From our analysis, we can draw several conclusions

For small datasets, petl outperforms all other frameworks in terms of CPU consumption, closely followed by pandas.
As the dataset size increases, pyspark consistently shows the highest CPU consumption, making it less suitable for large datasets in a single-node setup.

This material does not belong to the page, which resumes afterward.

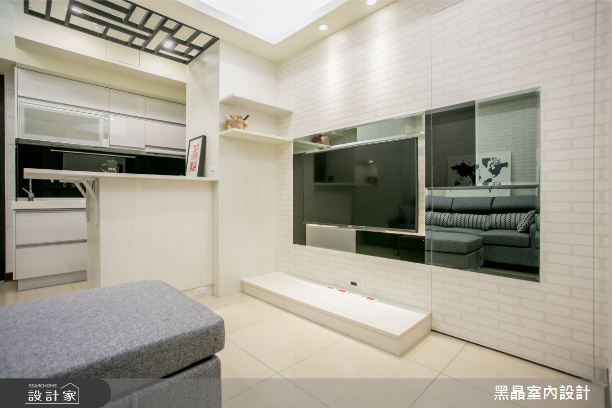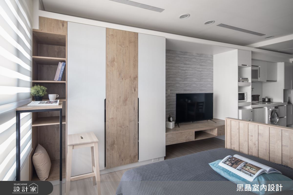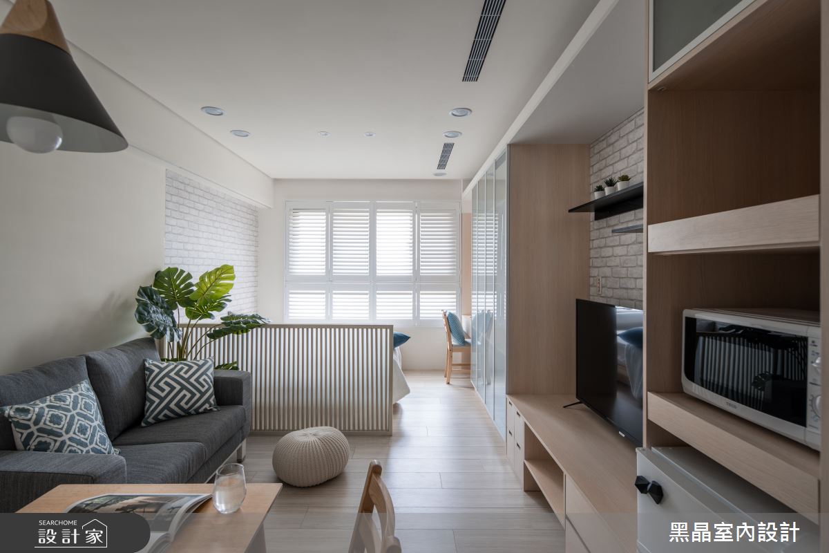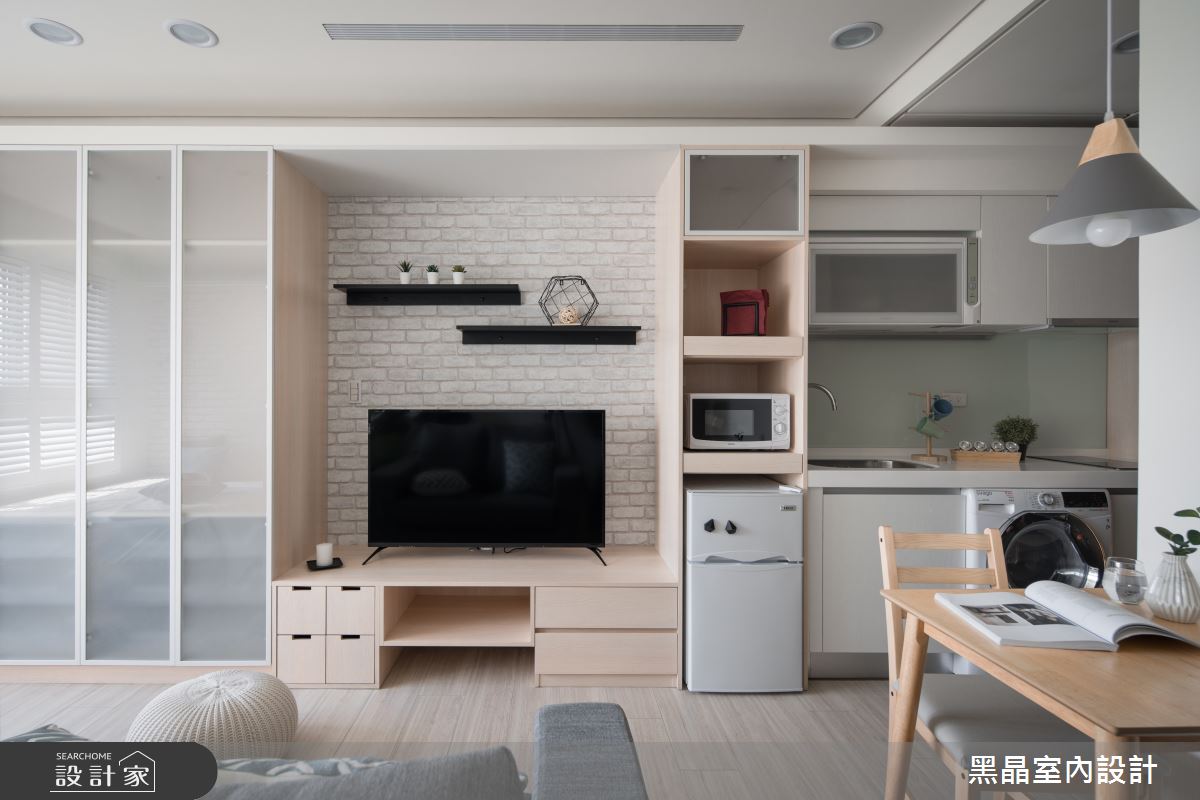 公領域以舒服的米色調鋪陳,在設計上面臨空間有限的考驗,於是向上延伸尋求更多空間與機能,並增設量身訂做的系統櫃體,達到兼顧機能與美感之效。 在微型空間裡,藉由透視感的玻璃質材,營造出視線延伸之感,像是客廳的電視牆結合鏡面,通透的質材呈現,帶來視覺的延伸,而壁面再結合簡約美感的仿磚紋壁貼,替空間帶來寬敞之意;客、餐廳僅透過吧檯些微界定領域,開放式的格局規劃,讓視線無阻隔,而吧檯區結合摺疊餐桌的方式,兼具用餐、備餐台,以及收納之用,創造機能與美感兼備的設計。臥室裡更善用垂直空間的運用,在床鋪下方結合書桌功能,同時也納入收納機能,激發小坪數宅居使用上的無限潛能。 小編的最愛 善用垂直空間來增拓機能設計,不但消弭橫向的視覺阻隔,且創造出垂直的動線,破除小宅思維,空間達到放大之效。
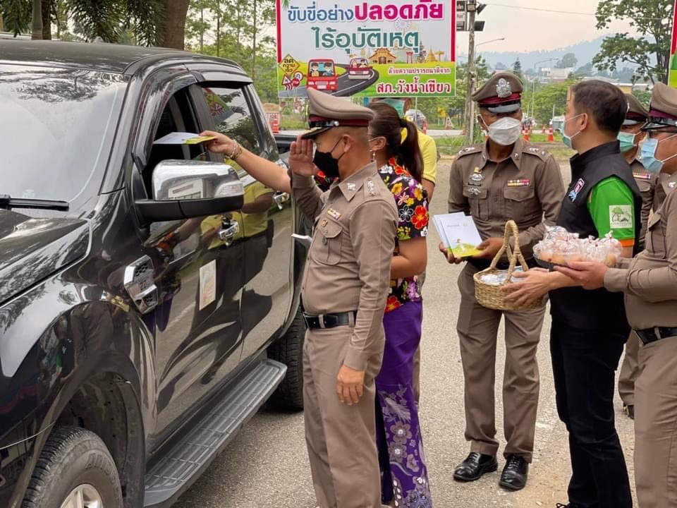 เมื่อวันที่ 13 เมษายน 2565 ที่ศูนย์อำนวยการป้องกัน และลดอุบัติเหตุทางถนนช่วงเทศกาลสงกรานต์ จุดบริการประชาชนสถานีตำรวจภูธรวังน้ำเขียว ถนน 304 วังน้ำเขียว-ปักธงชัย ตำบลวังน้ำเขียว อำเภอวังน้ำเขียว จังหวัดนครราชสีมา พ.ต.อ.พีรพงศ์ ธนโพธิ์ชัย ผกก.สภ.วังน้ำเขียว พร้อมด้วย พ.ต.ท.นิรันดร์ ถวัลย์ภูวนาถ รอง ผกก.ป.ฯ และตำรวจวังน้ำเขียวจิตอาสา ร่วมกับ นายพงษ์เทพ มาลาชาสิงห์ ประธานชมรมส่งเสริมการท่องเที่ยวอำเภอวังน้ำเขียว และ กต.ตร.สถานีตำรวจวังน้ำเขียว เจ้าหน้าที่ฝ่าย เจ้าหน้าที่ฮุก31 ตั้งจุดบริการอำนวยความสะดวกให้กับประชาชนที่เดินทางกลับภูมิลำเนาในวันนี้ ซึ่งเป็นวันสงกรานต์ วันปีใหม่ของชาวไทย

Overall, go-dataframe outperforms all other frameworks in terms of CPU and memory consumption

Choosing the right framework depends on the specific requirements of your task, including dataset size, available resources, and the desired level of parallelization. We hope this analysis helps you make an informed decision when working with CSV concatenation and dataframe comparison tasks. Happy data processing!